Oddly enough, my first acute impulse toward writing came from teaching it. When I left college, the most obvious way to earn my living was to teach Latin, and out of that fact came a chain of experiences that was to bind me at last to writing as my profession. Along with Latin, I was also teaching English. The contrast in the response of my pupils was illuminating. No matter how conscientiously I prodded the corpse, Latin remained, for those growing girls, a dead language by which they refused

to be contaminated. Of course, the approach to the Roman tongue had been softened considerably in the decade since my own induction. In my halcyon adolescence we were first immersed in Latin grammar for three months, and then bayoneted at once into Cæsar, with no choice but to advance or perish. When I came to teach Latin, however, we stole on it softly, by means of a gentle little textbook so disarming as to be alarming, for how could you help being afraid of rules that had to be approached so surreptitiously? Latin both for my pupils and for me proved a bore, but those same pupils, the instant they entered their own home tongue, whether reading it or writing it, chirruped at once with joyous outpourings. We gamboled together, the girls and I. I forthwith resolved to teach English, and English only, and for six years I did, and loved it so well that almost I might be doing it still. Almost!
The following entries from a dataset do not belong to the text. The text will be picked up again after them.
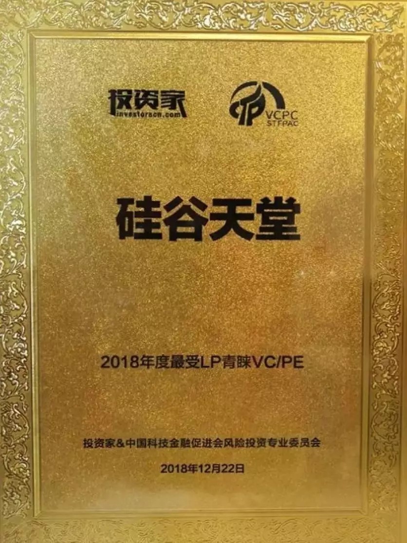 2018年12月21日-22日,由投資家網(wǎng)主辦的“投資家網(wǎng)·2018中國股權投資年度峰會”在北京舉行,并發(fā)布2018中國股權投資年度系列榜單。天堂硅谷控股母公司硅谷天堂榮獲“2018年度最受LP青睞獎”。
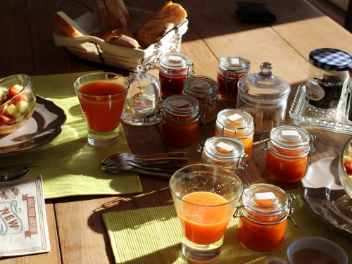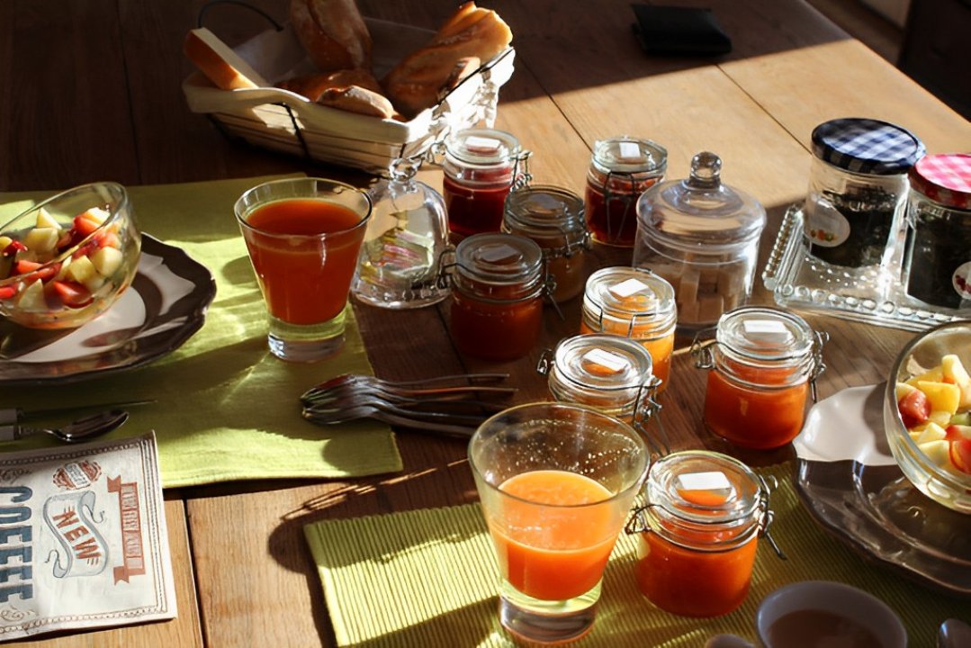 Petit déjeuner très agréable avec une vue imprenable. La demeure respire l esprit de famille
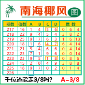 “南海椰风”第3226期推荐版局规律,本期千位38走三步.
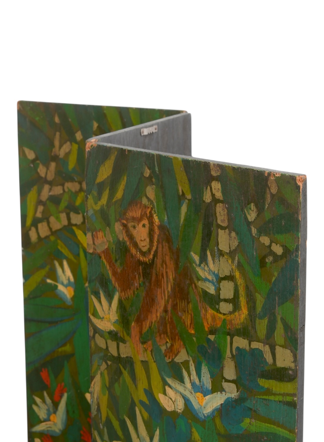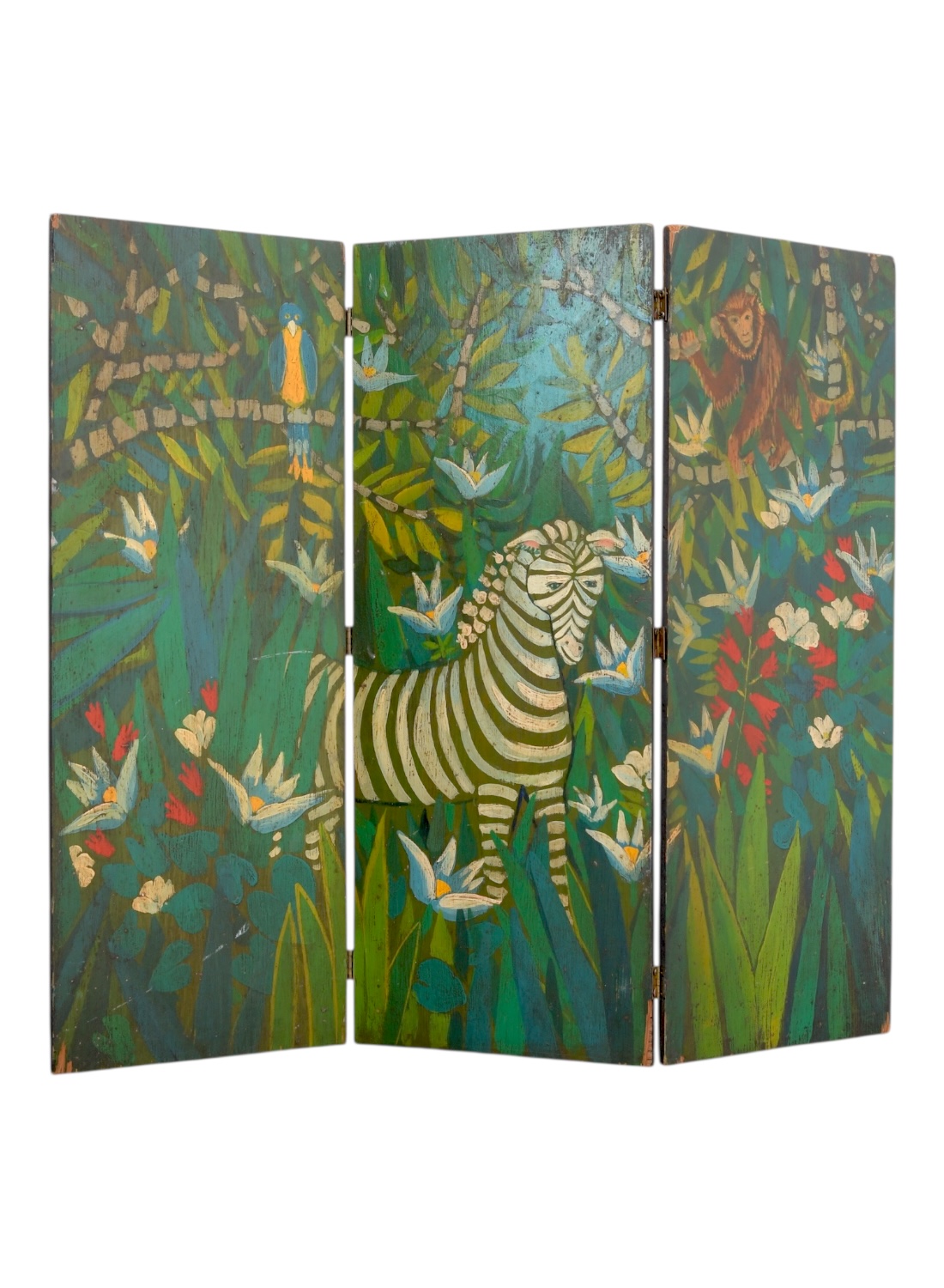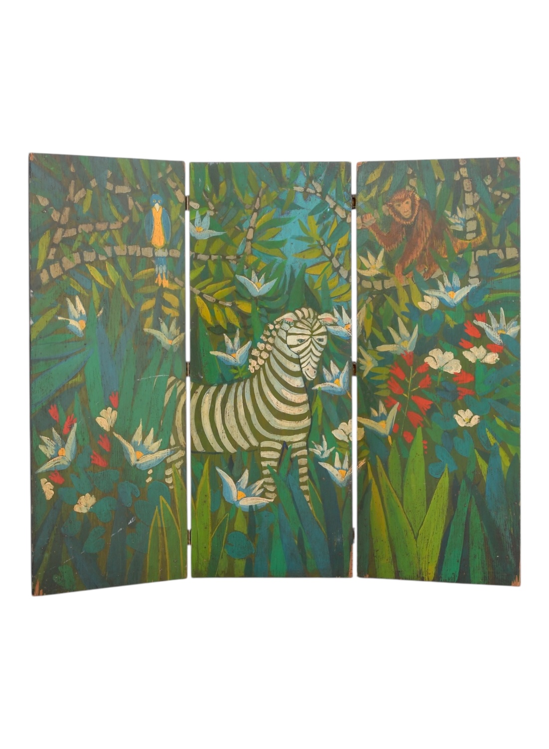 Vintage Hand Painted Folk Art Jungle Scene Tabletop Three Piece Folding Screen
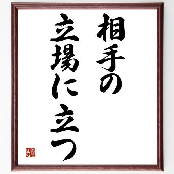 名言「相手の立場に立つ」手書き書道色紙額/受注後の毛筆直筆

The sequence by which teaching English led to writing was quite natural. It was manifestly unfair to ask my pupils to do something I had not first done myself—like giving a cook a recipe for making bread instead of showing her with your own two hands. Presently I got so excited over my own recipes for writing before they were offered to my pupils that I began to question seriously which I really preferred, to teach other people to write or to write myself. I took a position that allowed me part time for my own writing, and so my indecision between the two courses got worse and worse year by year, until a watching friend rescued me. ‘When you are teaching,’ she asked, ‘are n’t you always wanting to stop and write?’

‘Yes.’

‘When you are writing, do you ever want to stop and teach?’

‘Never!’

Thus encouraged, I cut loose from the schoolroom and set out to be a free lance, but cannily, not until my earnings through writing had for three years equaled those through teaching. The road to a literary livelihood looked promising enough. But it was n’t. It never has been. In this, my first retrospect, I see that disappointment should be the key word for a trail forty years long. If, looking back, I made a chart of this path, it would show recurrent peaks of hope, followed by sinking spells. Somehow I would always bob up again, no matter what happened. ‘Next time!’ I would say to myself. ‘Next book! ’ And on I’d go.

III

Looking back, I perceive that the painful part of my course has not been failure, but half success. Almost invariably my books have gone to the first publisher to whom they were offered. Recurrent disappointment has been inevitable, because always I’ve expected the public to agree with the publisher. Sometimes I have flattered myself that the underlying cause is all that Greek that got into my system before I was twenty, and stayed there. If you’ve once been on fairly intimate terms with Sophocles, it’s mighty hard ever to brace yourself to write for the pulps. Or perhaps the reason is prenatal — my mother’s dream of a baby that should hitch its wagon to a star. Anyway I have never written a popular book, and as I attain the relentless insight of age I acknowledge at last that the real reason is that I did n’t know how! But none of this is said in sorrow. I am old enough now to realize not only what I have not had from my chosen profession but also what I have had. For forty years I have pursued the most alluring art ever permitted to the human spirit! Destitute I have been sometimes, though always shrewdly reserving the price of a ticket home, but in one luxury I have always indulged — I have always written the best I could. My best, obviously, has not been so very good, but I honestly think I’ve had my fun.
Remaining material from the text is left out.